--- DATA SHOWN ---
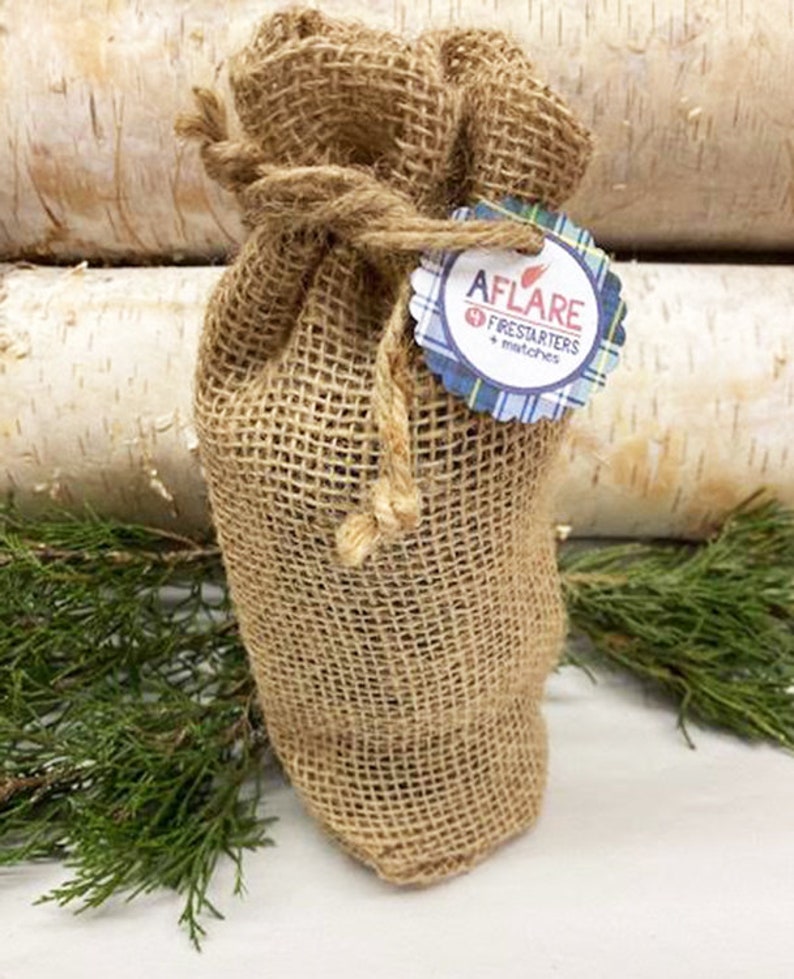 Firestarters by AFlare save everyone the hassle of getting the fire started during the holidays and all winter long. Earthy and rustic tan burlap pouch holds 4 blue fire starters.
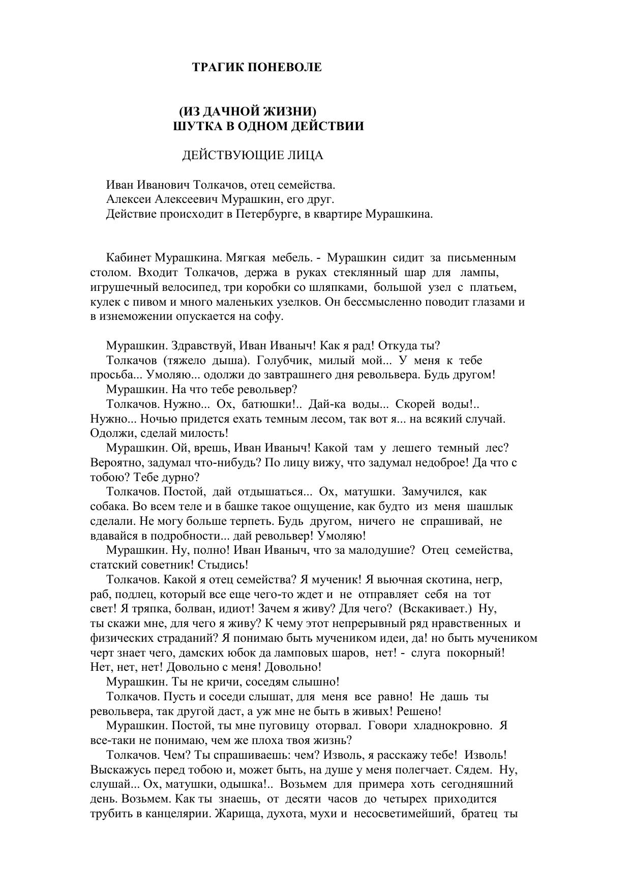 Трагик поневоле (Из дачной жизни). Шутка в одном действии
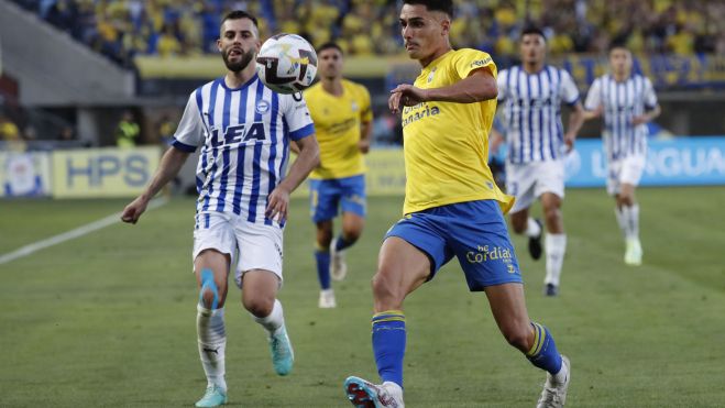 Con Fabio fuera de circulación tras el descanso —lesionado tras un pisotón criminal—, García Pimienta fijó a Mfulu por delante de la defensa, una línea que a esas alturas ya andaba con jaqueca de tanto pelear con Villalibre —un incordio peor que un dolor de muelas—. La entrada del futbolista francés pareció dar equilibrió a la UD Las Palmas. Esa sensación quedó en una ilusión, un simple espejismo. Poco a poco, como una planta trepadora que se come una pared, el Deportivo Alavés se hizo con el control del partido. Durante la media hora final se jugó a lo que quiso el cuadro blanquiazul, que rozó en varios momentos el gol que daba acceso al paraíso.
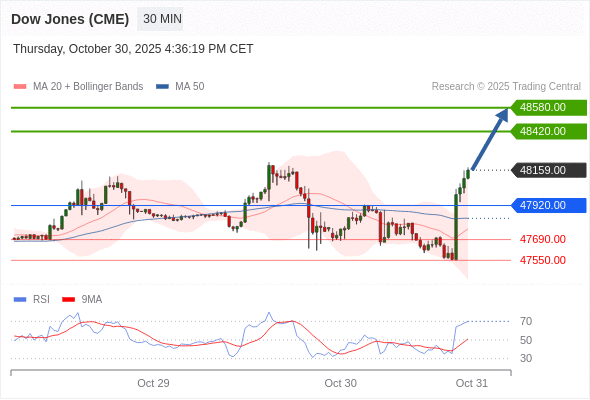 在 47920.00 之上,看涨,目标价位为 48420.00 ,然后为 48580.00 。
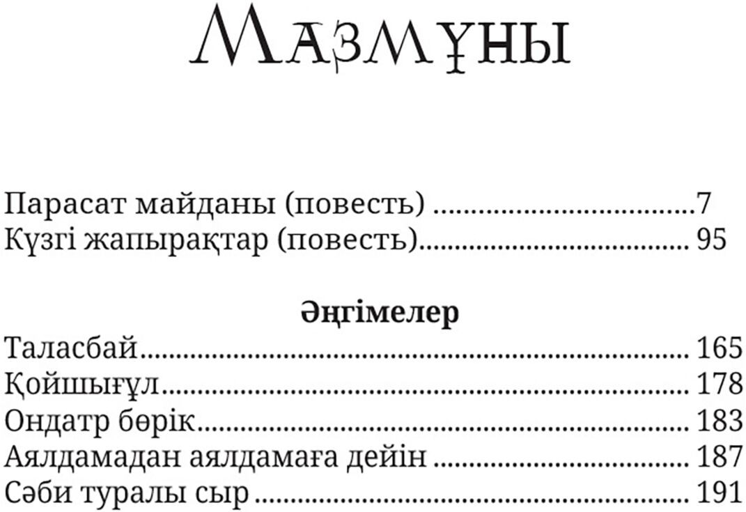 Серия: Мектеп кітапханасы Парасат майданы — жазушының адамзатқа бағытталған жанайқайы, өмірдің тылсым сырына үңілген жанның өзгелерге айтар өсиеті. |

---

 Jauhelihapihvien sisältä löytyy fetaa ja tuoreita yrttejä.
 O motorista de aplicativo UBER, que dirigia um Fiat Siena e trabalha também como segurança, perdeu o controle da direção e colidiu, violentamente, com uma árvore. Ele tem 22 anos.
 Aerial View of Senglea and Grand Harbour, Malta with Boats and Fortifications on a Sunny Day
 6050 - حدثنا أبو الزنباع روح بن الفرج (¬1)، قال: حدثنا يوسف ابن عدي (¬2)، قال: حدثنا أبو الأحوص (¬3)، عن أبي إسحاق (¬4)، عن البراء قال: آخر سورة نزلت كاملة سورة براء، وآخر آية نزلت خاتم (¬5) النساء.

---

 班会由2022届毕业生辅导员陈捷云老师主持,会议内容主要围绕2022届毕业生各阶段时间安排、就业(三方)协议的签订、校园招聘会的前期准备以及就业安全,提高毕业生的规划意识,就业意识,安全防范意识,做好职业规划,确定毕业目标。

--- TASK PROMPT ---
Lines wanted from the entries above: the one with "Трагик поневоле (Из", the one with "Con Fabio fuera", and all lines between. Please copy them exactly, without the pictures and without anything else.

--- YOUR SOLUTION ---
 Трагик поневоле (Из дачной жизни). Шутка в одном действии
 Con Fabio fuera de circulación tras el descanso —lesionado tras un pisotón criminal—, García Pimienta fijó a Mfulu por delante de la defensa, una línea que a esas alturas ya andaba con jaqueca de tanto pelear con Villalibre —un incordio peor que un dolor de muelas—. La entrada del futbolista francés pareció dar equilibrió a la UD Las Palmas. Esa sensación quedó en una ilusión, un simple espejismo. Poco a poco, como una planta trepadora que se come una pared, el Deportivo Alavés se hizo con el control del partido. Durante la media hora final se jugó a lo que quiso el cuadro blanquiazul, que rozó en varios momentos el gol que daba acceso al paraíso.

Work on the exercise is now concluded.